I put my Nike socks on my feet and slid on my brand new red and black Lebron Soldiers 11. They fit my feet like gloves designed specifically for my feet. I was pumped up for my first practice of the season. I was in seventh grade. I started jumping up and down, I was ready to do my best and improve each practice. My dad was in his truck honking at me to hurry up. I darted into his car and off we were going off to Wilbraham Middle School. I was one of the first people there and I was looking at the time strategically planning on when to get out. When cars started to roll in the parking lot I jumped out of the car and said my goodbye to my dad. He shouted, “Have fun!”, while he was driving away. Little did he know it wasn’t going to end well.
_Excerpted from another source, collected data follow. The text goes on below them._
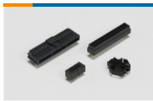
PCB Connector Shrouds(39)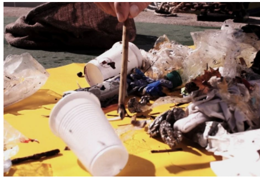
Rubbish collected by the SeaBin Project.

Parents and families are most welcome to attend on Thursday 9th May from 1-2pm in the school hall.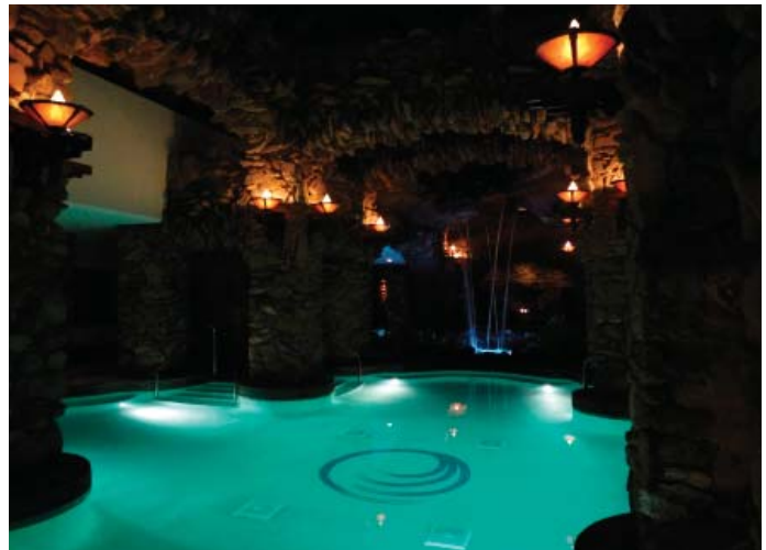
The Spa is Ranked in the Top 20 Resort Spas in the U.S.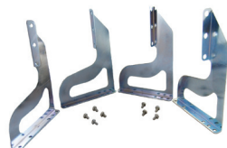
RHEEM FLEX Mounting Bracket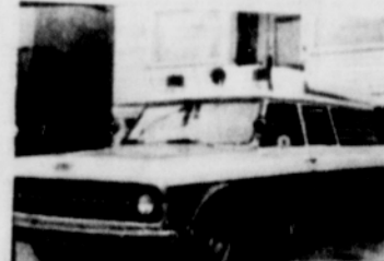
The New Ambulance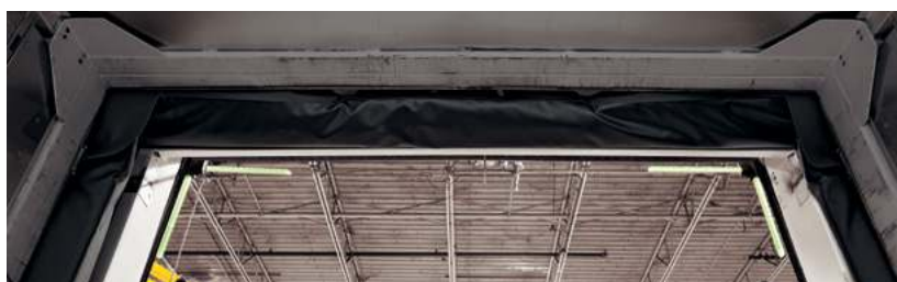
High performance head pad features layers of light-blocking pleats to effectively seal these trailer protrusion gaps. (View from inside trailer.)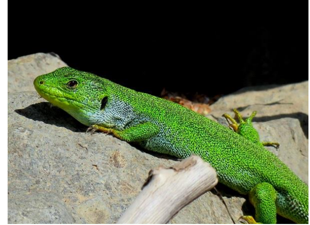
Balkan Green Lizard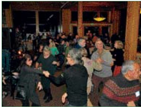
What's a party without dancing?

What was accomplished and what we are still accomplishing is truly extraordinary, not just in the world of land conservation, but in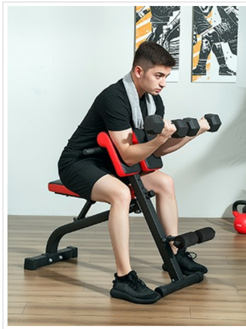
Image: A user performing bicep curls with dumbbells while seated on the bench, demonstrating its use for arm exercises.

We all greeted each other and we were happy to be on the team. We talked about how we were going to be the champions by the end of the season and I had faith that we could do it. Coach and Addie arrived just on time and lugging a huge sack of balls over their shoulders. We entered the gym and with every step we took the floor squeaked and it sounded like a bunch of mice were getting stepped on. The smooth, tan court looked like it was slathered with polished clear nail gel. There was a circle in the center of the court and looking at it made me look back at going against my opponent in the jump ball. As soon as the referee would toss the ball up, we would hop up and try to slap it back to our teammates. I would pretend that my bratty little brother was the ball. I couldn’t wait for the season to start.
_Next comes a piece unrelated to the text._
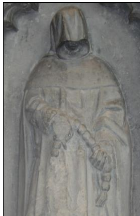
Figure 3-16. Mourner with Rosary, Tomb Relief of Pierre de Bauffremont, c.1453-72, Walters Art Museum, Baltimore, Maryland.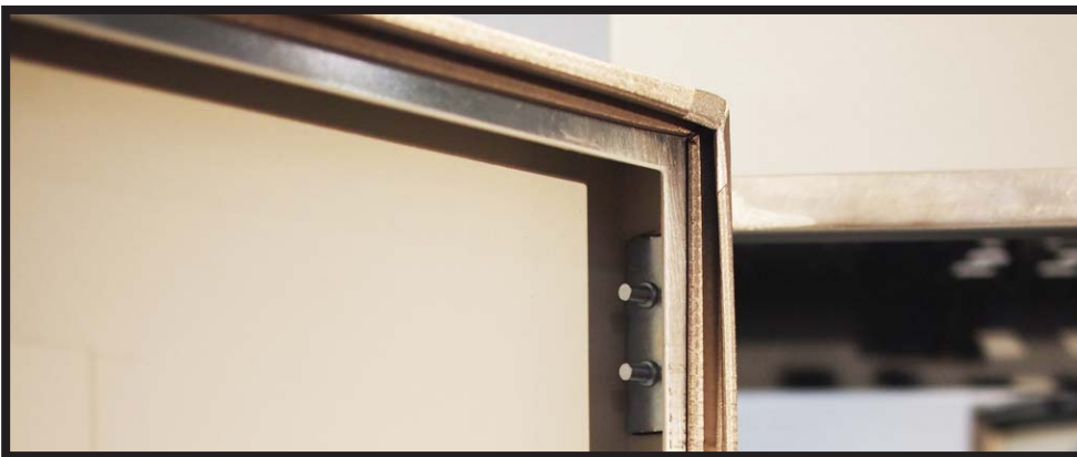
Figure 1: Photo of the cabinet enclosure going through the tin-plating process to improve electrical conductivity. The plating was applied with graphite probes as the enclosure was too large for a dip-bath.

The tin plating process has four main steps. The first is to etch the metal. The acid-based chemical primes the metal and prepares it for plating. Step two desmuts the metal. Step three is to apply the nickel plating. Step four is the application of the tin. Low voltage is applied to a covered graphite probe for each of the step of the process. A positive polarity is utilized for step 1 and 2 and negative polarity for steps 3 and 4. The enclosure is finished with various types of steel wool and other pads to remove any remaining barbs and residue while providing a keen shine. Figure 1 shows the cabinet after Step 4. With the core of the enclosure tin-plated for electrical continuity, the next step was looking at the covers and gasketing.

We practiced a lot of things like our layups and foul shots. I made almost all of them and I felt proud of myself. The only thing that I found difficult was those darn three-pointers. Basically, no one on the team could make them, even our coach had trouble making them in. The balls would fly through the air like birds trying to dodge bullets from bird hunters. Sometimes the ball would rebound from the wall and get revenge on us. The balls would bounce back and knock us down. Not only did we get knocked down by the balls flying off the walls, but sometimes we would hit the balls at each other. Everyone would accidentally keep on hitting people with the ball when we were passing, we would pause for a second and then all roll on the court laughing. Our team was bad but we knew we were going to get better with practices over time.
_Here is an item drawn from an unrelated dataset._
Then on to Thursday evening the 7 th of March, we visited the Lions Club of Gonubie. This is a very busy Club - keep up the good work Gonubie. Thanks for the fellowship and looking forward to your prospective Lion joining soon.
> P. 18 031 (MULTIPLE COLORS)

Time was ticking and practice was about to end before we left we did our foul shots and we would all rotate in a circle. If you missed the whole team had to run and if you made it we were safe. After someone missed a shot, we would all moan and groan and hear the shooter repeatedly apologizing for missing the shot. It was the last shot and the person missed. This time the coach wanted to join in and race us. He counted down, “Three, two, one, GO!” We all were sprinting so fast it looked like we had no legs. We were roadrunners trying to escape from the coyote. Coach Fitz and I were one on one now. He was a tad bit ahead than me and at the last second, I used all of my energy and pushed through. The brick wall was getting closer and closer to me. I went into the wall like I was about to kiss it, but the feeling of a kiss was not present. The only feeling I felt right then and there was pain. I could not move my arm and I felt like it was the end of the world. I kept my tears in with pride and I was proud of beating my coach.  I learned that day that through the pain you can still have your pride.

The author's comments:

It is about basketball and how I broke my arm the first practice.